Unicode definition on Mule-UCS(Universal enCoding System)
        API and configuration manual.

        Written by MIYASHITA Hisashi (himi@m17n.org)

	reviced on 2001/4/13.

o ... License

  Mule-UCS is free software; you can redistribute it and/or modify
it under the terms of the GNU General Public License as published by
the Free Software Foundation; either version 2, or (at your option)
any later version.

  You should have received a copy of the GNU General Public License
along with Mule-UCS; see the file COPYING.  If not, write to
the Free Software Foundation, Inc., 59 Temple Place - Suite 330,
Boston, MA 02111-1307, USA.

o ... Introduction

  Mule-UCS is NOT dependent on Unicode itself at all.
This manual describes unicode definition in this package.

  Mule-UCS realizes Unicode encoding/decoding by unicode.el,
un-data.el, utf.el, un-trbase.el, mule-uni.el, and un-define.el.
unicode.el is a main part and defines fundamental type on Unicode
translation.  When it is required at run-time, it will be automatically
loaded.  un-data.el, utf.el, and un-trbase.el define
conversions and translations at byte-compiling time.
Normally, they are not necessary at run-time.
mule-uni.el defines private character set for Unicode, which is
mainly for covering undefined characters on Mule.
un-define.el controls default configuration and set up the run-time
environment.  mule-uni.el and un-define.el are indispensable modules
at run-time.  Mule-UCS embeds all information required at least for setup
into un-define.elc except for charset definitions.
Threfore, you only have to load it at the startup.
un-define.elc automatically loads other modules if necessary.

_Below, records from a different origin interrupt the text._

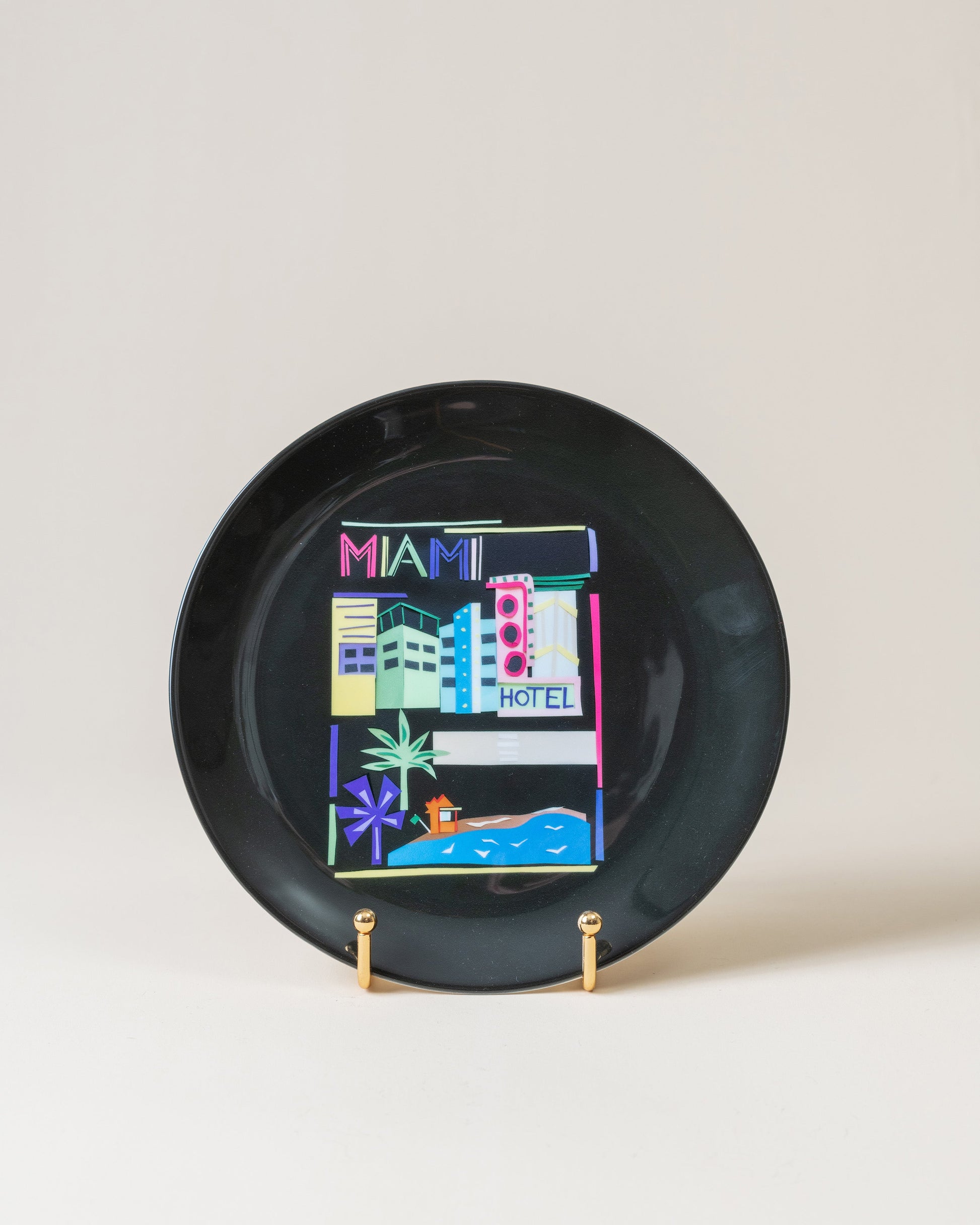 As bold as the place itself, this black Miami dessert plate from Tata Naka with it's building in bright block colours and sea in bright bright blue the only question left is, what's for dessert?
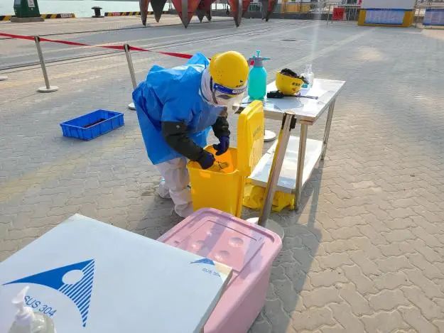 本次演練模擬了濱海港區(qū)通用碼頭2號泊位發(fā)現(xiàn)疫情之后的相關(guān)處置流程。演練中,碼頭發(fā)現(xiàn)疫情后,及時將情況進行上報,并立即停止作業(yè),同時迅速對登船人員進行排查,就地隔離,開展現(xiàn)場消殺工作?,F(xiàn)場成立疫情防控應急指揮部,按照指揮部的統(tǒng)一調(diào)度,開展應急處置,經(jīng)過妥善處理,演練中的疫情得到有效控制,同時對碼頭作業(yè)人員嚴格執(zhí)行“N+7+7”的閉環(huán)管理,確保濱海港區(qū)碼頭盡快恢復正常生產(chǎn)。
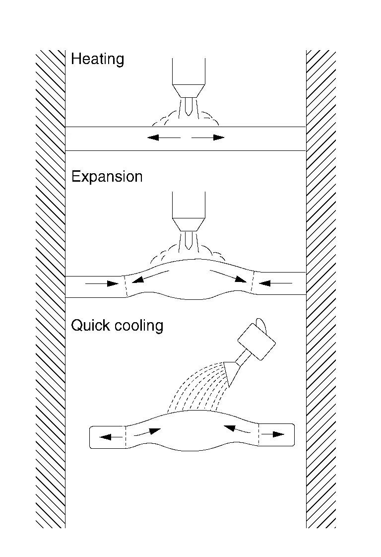 However, stretching is restricted in the unheated surrounding portion. As a result, the heated portion bulges.
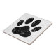 Cartoon dog pawprint in black. Custom square ceramic tile with grunge, distressed effect. Unique gift idea.
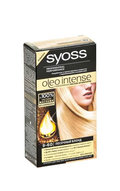 Стойкая краска для волос с маслом-активатором Сьёсс Oleo Intense 9-60 Песочный блонд. Превосходный уход и стойкость цвета: Бережная формула без аммиака заботится о волосах в процессе окрашивания и профессионально закрашивает до 100% седины. Ухаживающие масла помогают окрашивающему пигменту проникнуть глубоко в структуру волоса для интенсивного и стойкого результата.
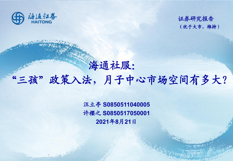 【海通证券】【20210821】“三孩”政策入法,月子中心市场空间有多大?-18页
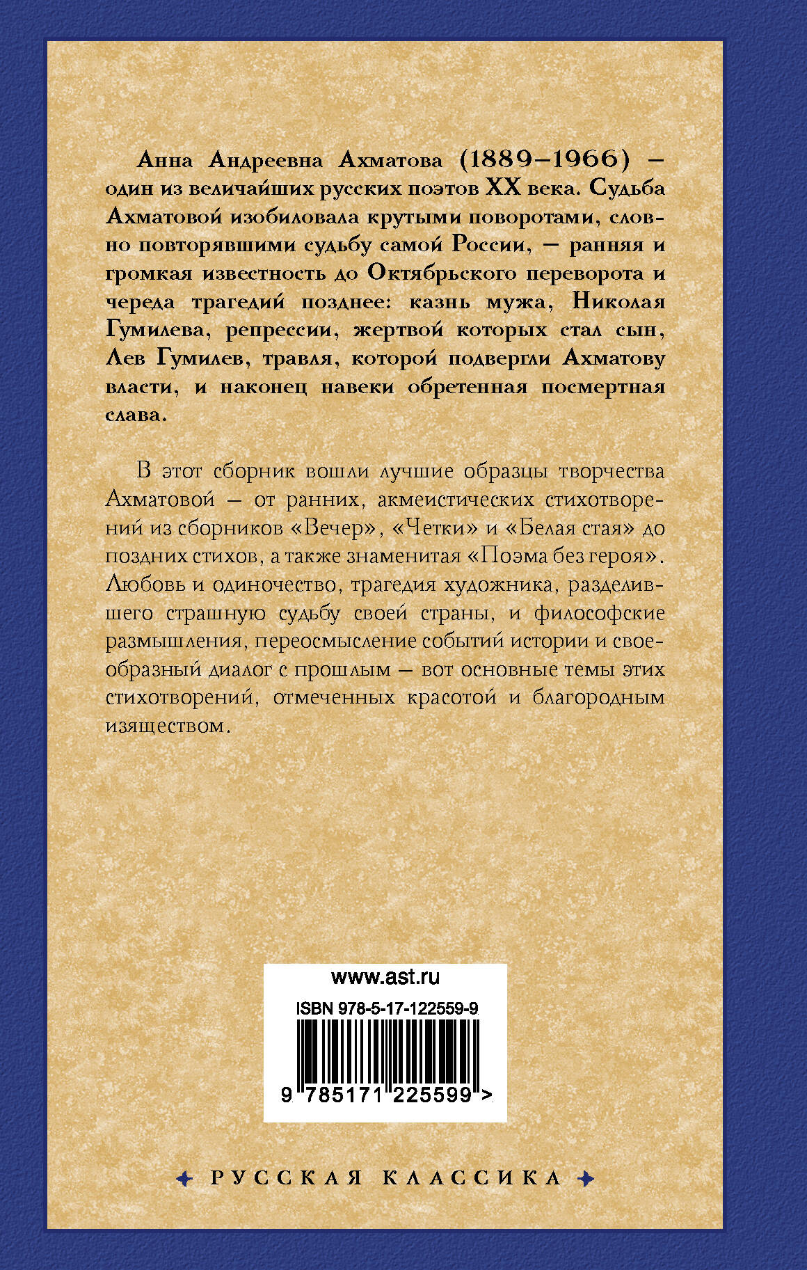 В этот сборник вошли лучшие образцы творчества Ахматовой - от ранних акмеистических стихотворений из сборников "Вечер", "Четки" и "Белая стая" до поздних стихов, а также знаменитая "Поэма без героя". Любовь и одиночество, трагедия художника, разделившего страшную судьбу своей страны и философские размышления, переосмысление событий истории и своеобразный диалог с прошлым - вот основные темы этих стихотворений, отмеченных красотой и благородным изяществом.| Издательство | ИЗДАТЕЛЬСТВО "АСТ" |
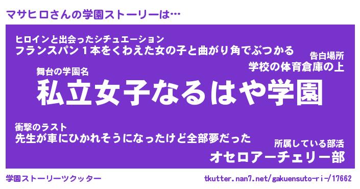 | 意味不明あだ名 | 『ペロリンマサヒロ』『永久保存マサヒロ』 |
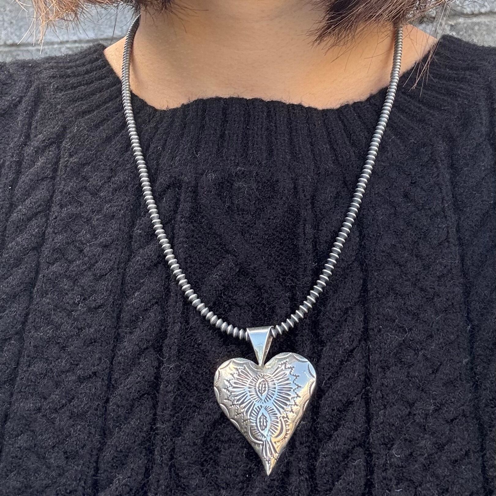 大ぶりの手彫り模様のハートが、唯一無二の存在感を放ってくれ、シンプルコーデのポイントに。

  Mule-UCS Unicode definition(Mule-UCS-Unicode hereafter) provides
various coding-systems for external representaions and some APIs
for other Emacs Lisp libraries.

  Currently, un-tools.el is only for feeble autodetection on UTF-8/16.
You don't need this module on Mule 4.1 or later.  This Mule feature
have more powerful built-in autodetection on UTF-8/16.

  After all, the minimum configuration of your .emacs, site-start.el, or
any other start up configuration is only one line as below.
(require 'un-define)

o ... Notice to BITMAP-MULE on Emacs 20 users:

Mule-UCS-Unicode defines three new charsets at the startup,
which are mule-unicode-0100-24ff, mule-unicode-2500-33ff, and
mule-unicode-e000-ffff.  These will be introduced also in Emacs 21.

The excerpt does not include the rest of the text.